Страница 42 из 54
А может быть, это и от характера зависит, и от профессии также? Маше эта мысль не раз приходила в голову. В конце концов, фортепиано — ее единственный друг. И если присмотреться, то музыканты и вообще художники всегда одиноки: в этом особенность их работы, их судьбы.
А в большом коллективе, где день за днем делаешь со всеми одно общее дело, — там не может быть ни этих сомнений, ни одиноких дум. Времени не хватает. Все вместе трудятся, а в часы отдыха непосредственно веселятся. И зачем ей, девушке из простой семьи, вырываться куда-то вперед (и вперед ли?), идти какой-то особой дорогой и в своем деле рассчитывать только на себя? Надо жить легче, проще, а главное — не отделяя себя от других.

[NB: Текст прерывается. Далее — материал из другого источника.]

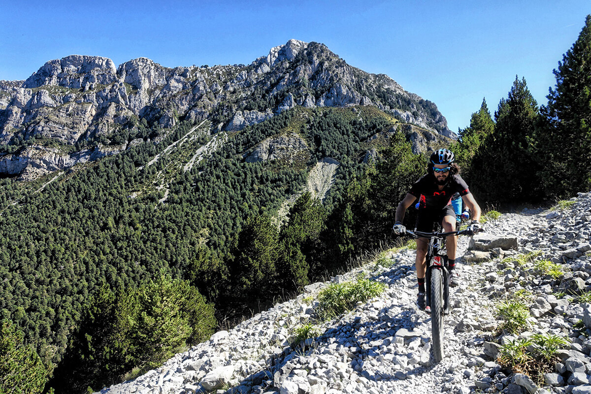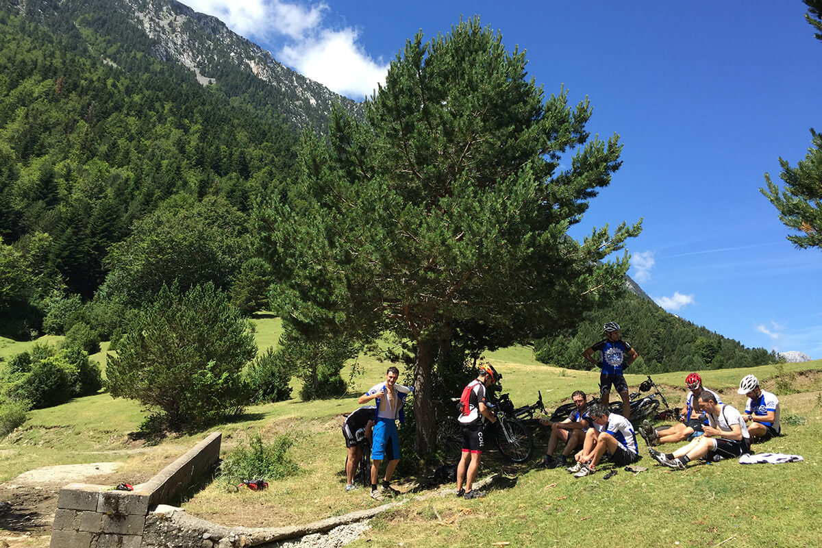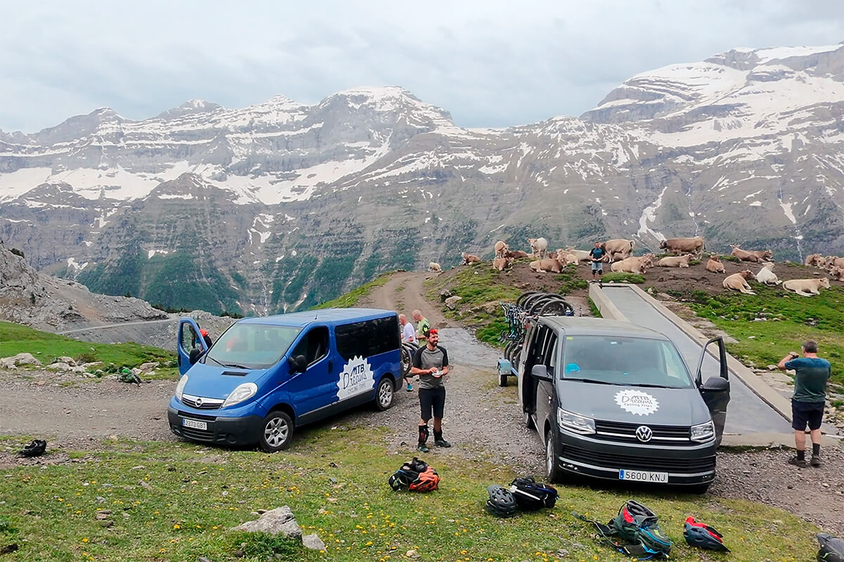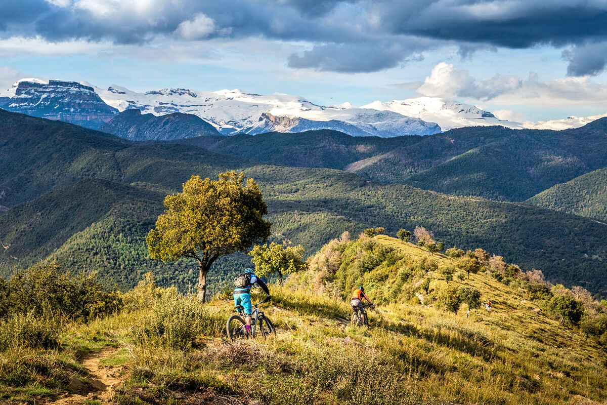 This tour begins in the charming towns of Ainsa and Bielsa, steeped in history and surrounded by endless opportunities for exploration. Then Benasque (home to Aneto, the highest peak in Pyrenees mountain range alt. 3.404 m). Discover lush forests, high-altitude singletrack, and free-grazing animals.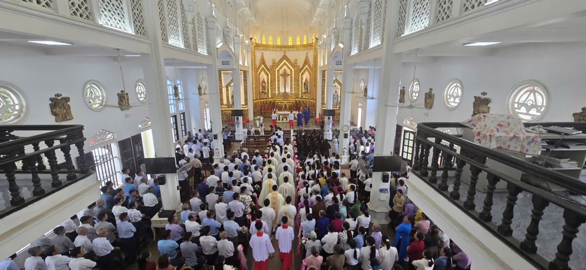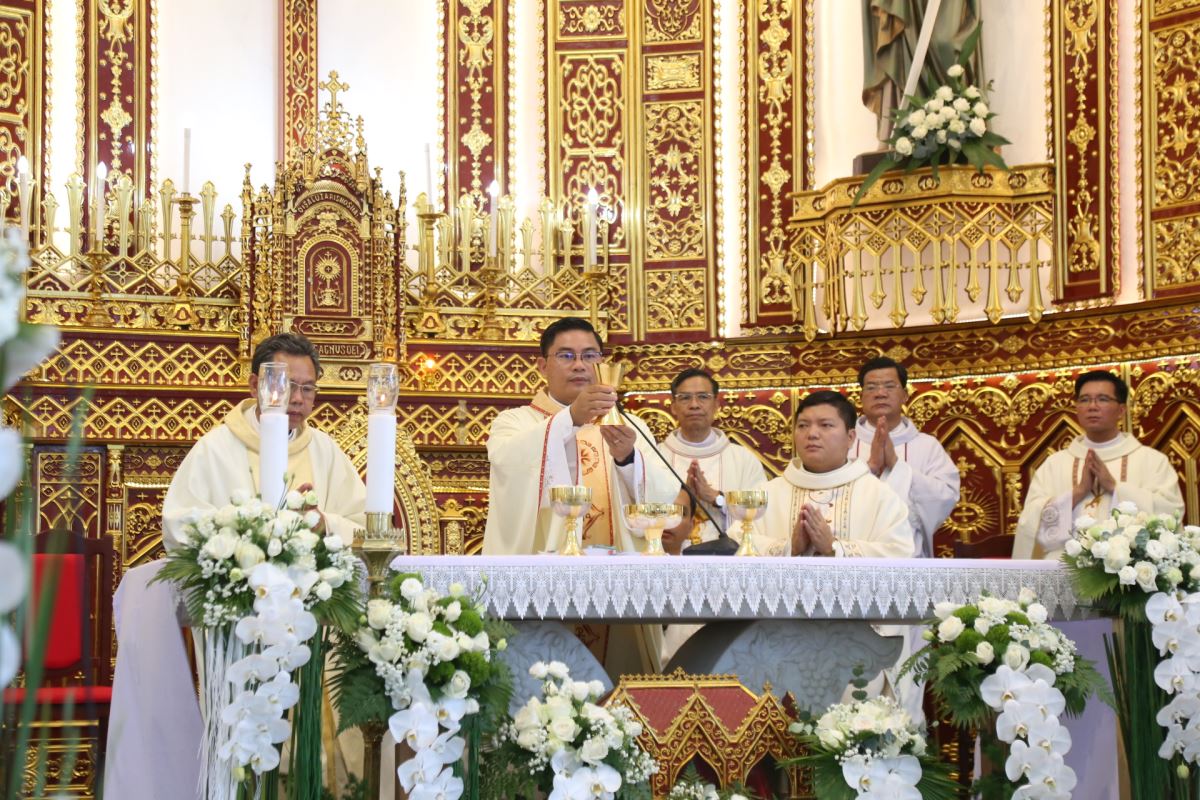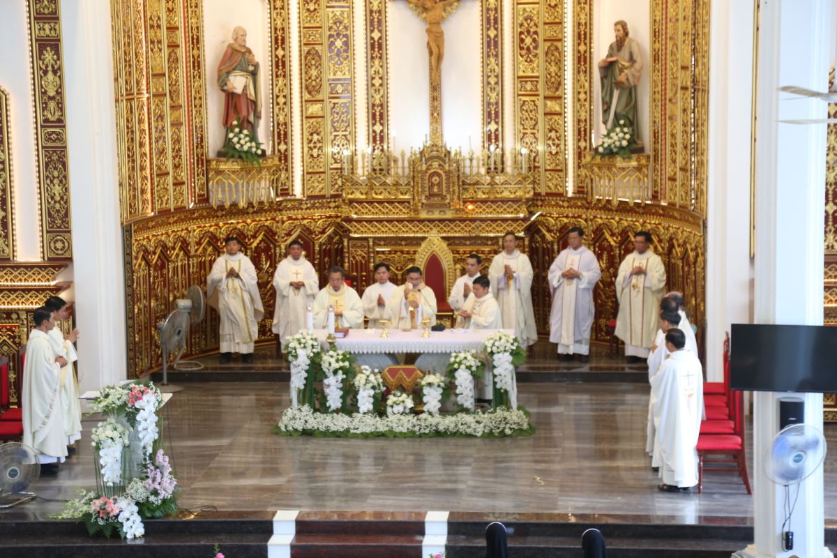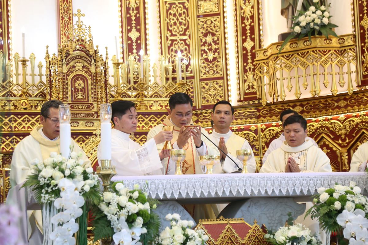 Đúng 08g25 phút, tiếng trống vang dội tấu lên cùng với giai điệu hân hoan của bài ca nhập lễ. Từ sân nhà, thờ đoàn đồng tế tiến vào thánh đường để hiệp dâng Thánh lễ tạ ơn, do Cha xứ Giuse Phan Văn Luật chủ tế.

У калитки прощались влюбленные. Вот для кого этот щедрый вечер.
И по радио пели:
Есть на свете счастье, есть красота. Для кого же тогда искусство? Для обездоленных? Счастливым, истинно счастливым оно не нужно. Для чего оно тем, кто любит, кто любим взаимно?
Маша открыла дверь своей комнаты. Темно. Не встречает мать у порога: «Доченька моя, что ж ты так долго?» Не спешит хлопотать… Никто не встречает. Ничьи глаза не светятся радостью.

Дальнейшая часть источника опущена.